Israel is quickly developing a reputation for excellence in innovation and technological development. Over the last 12 months or so, internet and technology giants such as Apple, Facebook, Google and Samsung have taken note of the country’s status as an up-and-coming hub for tech startups, completing deals for Israeli companies to complement their existing offerings, particularly in Big Data and analytics. Due to the emphasis on these areas, Israel has developed into a heavyweight player in innovation over a relatively short timeframe.
Given the size and reputation of other, more renowned global technology hubs – areas such as Silicon Valley, London and Berlin – Israel draws its workforce from a comparatively small catchment area. Yet despite this hindrance, the country has become a hotbed for tech startups; it is currently the birthplace of around 400 a year, earning it the nickname of the Silicon Valley of the Middle East.
However, it is not only acquiring companies that have taken note of the strength of the Israeli tech sector: a number of venture capital groups have also begun to show an interest in the region. Based on the popularity of its nascent tech sector, Israel now attracts more venture capital investment per person than any country in the world.
One of the main catalysts for this trend is the amount of time and money that Israeli firms and the government have invested in research and development (R&D) techniques. It can be argued that this focus on R&D was born out of military necessity – Israel’s very existence in the troubled Middle East region has meant fighting on a number of fronts since its founding in 1948. Israel’s ongoing geopolitical and military situation has led to more money spent on R&D as a percentage of its GDP than any other nation among 39 countries surveyed between 2001 and 2009 by the Organisation for Economic Cooperation and Development (OECD).
The R&D techniques developed by the Israeli government have not just been restricted to the military sector, however. There have been numerous civilian applications as well. In many respects the R&D arm of the Israeli military has directly fed into the country’s developing technology sector. A large number of entrepreneurs and inventors in the Israeli tech sector have military backgrounds, as military service is compulsory. Many young people apply to join the computer training academy of the Israel Defence Force (IDF), known as ‘Mamram’, and once their military service has ended a large portion of veterans emerge from the popular Unit 8200, which manages army signals intelligence and provides analysis of electronic data.
As a result of this work, many Israeli veterans emerging from the unit create tech startups, giving them a considerable advantage over their Western and Asian counterparts. Extensive knowledge around subjects such as cyber-security, data storage, mobile communications, Big Data and analytics have become key areas for the Israeli tech industry, to the extent that IBM, Google, Microsoft, EMC, Intel, General Electric, eBay, Cisco and a number of other technology heavyweights have all invested in establishing major research facilities in the country, as well as in startups themselves.
Despite the success of Israel as a tech startup hotbed, a large number of companies are beginning to migrate away from the country once they have become established. Traditionally, technology hubs in the US can offer more opportunities and funding to established startups than is currently available in Israel. In 2013 high tech Israeli startups fled the country to sell shares abroad at the fastest pace in over six years.

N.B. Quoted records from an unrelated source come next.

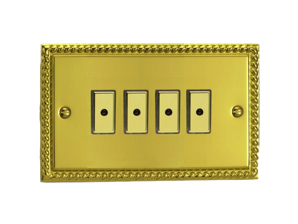 Tlačítkový vypínač IMPULSE - 4-modulový jednosměrný (č.1) 0-100 W (max 10 LEDs) 0.7A 1-pólový LED s dálkovým V-Pro KLASICKÉ - leštěná mosaz / mosazná tlačítka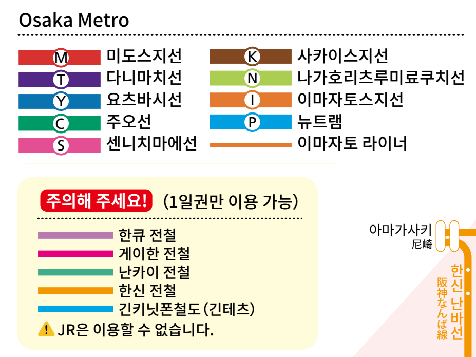 1일권은 오사카 지하철 이외 사철들도 이용이 가능합니다.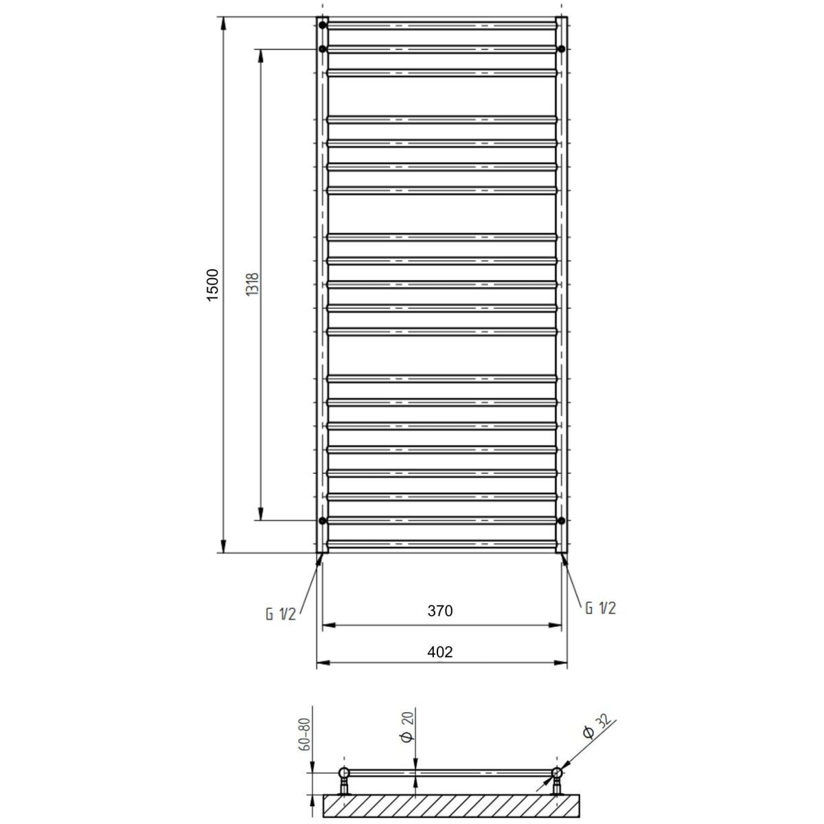 - diamètre des collecteurs verticaux : ø 32 mm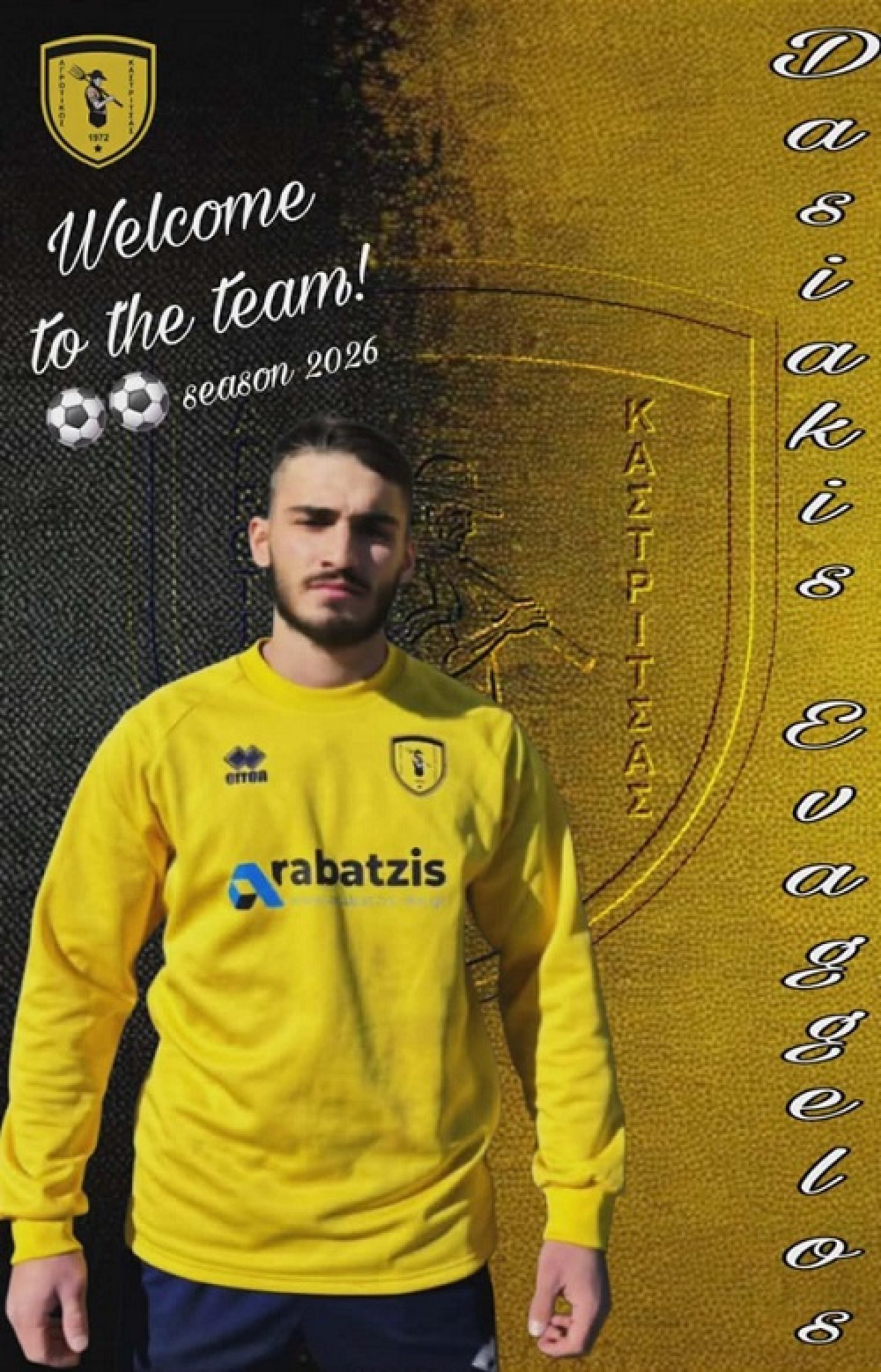 Ο Αγροτικός Καστρίτσας ανακοινώνει με ιδιαίτερη χαρά την απόκτηση του 23χρονου αριστερού χαφ Ευάγγελου Ντασιάκη, ενισχύοντας ουσιαστικά το έμψυχο δυναμικό της ομάδας μας.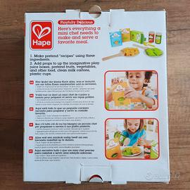 Come da foto il set contiene 3 confezioni di pasta (in feltro) di diverso tipo (penne, farfalle e ravioli), 2 forchettine in legno, 2 piattini, 2 barattolini di salse (in legno) e una busta per il take away.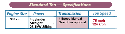 Though the Ten had a fully trimmed interior, it was still a simple car, with no pretensions to high performance or sporty handling. Exterior identification was by a Vanguard-like front grille.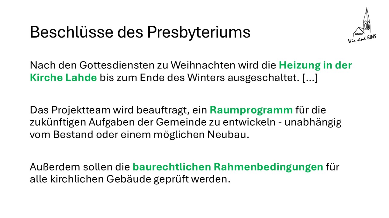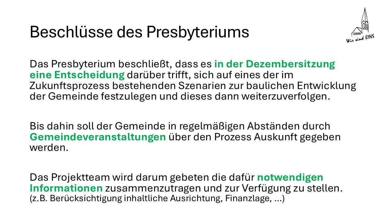 Auf dieser Folie sind die Beschlüsse des Presbyteriums aus dem Dezember 2024 wörtlich abgedruckt.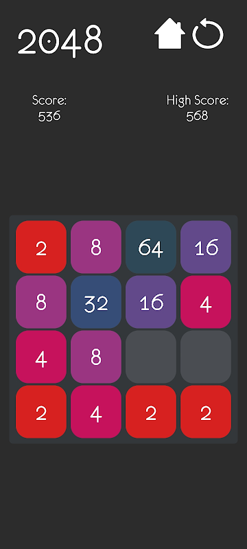 Swipe up, down, left or right to move the tiles in that direction. When two tiles with the same number collide they merge in one with double the number. When you reach 2048 you win! 2 … 4 … 8 … 512 … 1024 … 2048.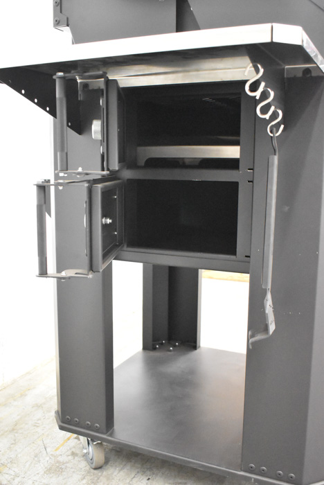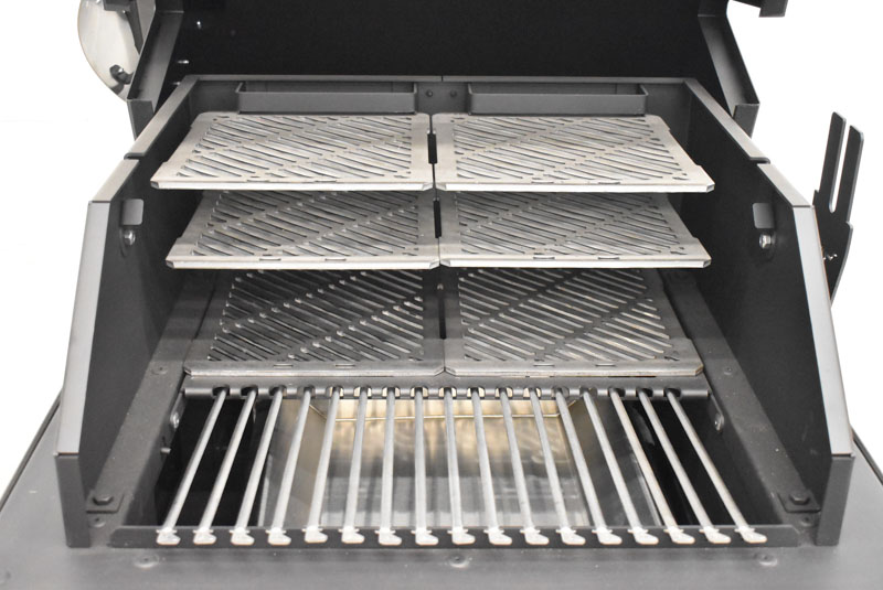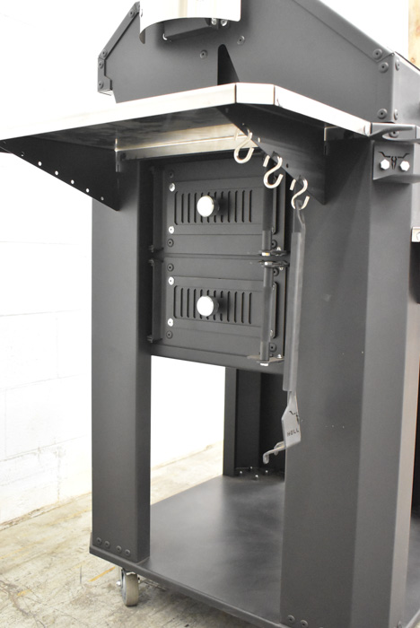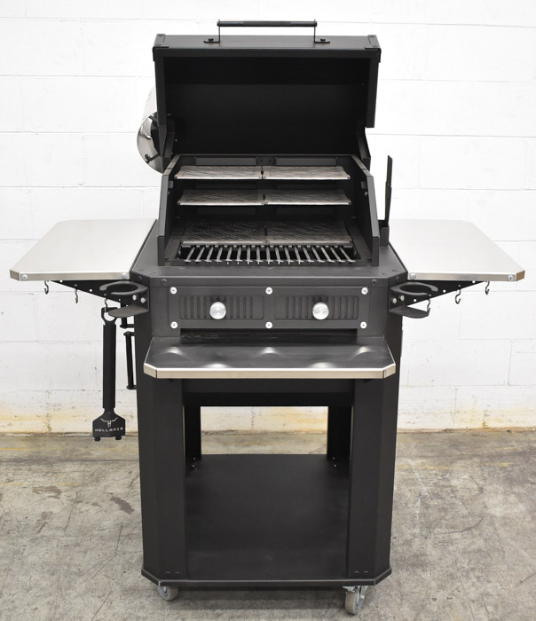 HELLRAZR (NEW IN BOX) FORTRESS charcoal grill & smoker with (6) 1/4″ carbon steel grills, 19″x20.5″ main grilling surface, 19″x10.25″ additional surface, (2) 304 stainless steel charcoal baskets, (1) 304 stainless steel water pan (no temperature gauge)

Due to this flight, it has been recommended to the Israeli Securities authorities that tech firms be offered tax breaks and less bureaucracy in order to keep hold of them. Under the recommendations, those companies valued at more than $56m will be offered incentives as encouragement to raise money on the Tel Aviv stock exchange, rather than elsewhere. The recommendations call for tax benefits for investors and startup founders, exemption from Israeli ‘Sarbanes-Oxley’ requirements, the adoption of financial reporting in English, and the use of US GAAP accounting standards. The government committee which provided the report to the securities authorities also recommended that the Israeli bourse establish two new indexes and find a company to provide investment analysis. It is hoped that these recommendations will be passed into law in the coming months.
Tel Aviv, which hosts one of Israel’s biggest technology clusters, is also in negotiation with the Israeli Economy Ministry to review the country’s visa policy. The hope is that the country will introduce a startup visa regime which would make it easier for skilled foreigners to come and work in Israel. Not only would this diversify the workforce in the Israeli tech sector, it would also help the sector develop from a mere startup hub into true centre for technological innovation. Should the Israeli tech landscape be allowed to mature it could provide a multitude of opportunities for investors and entrepreneurs for years to come.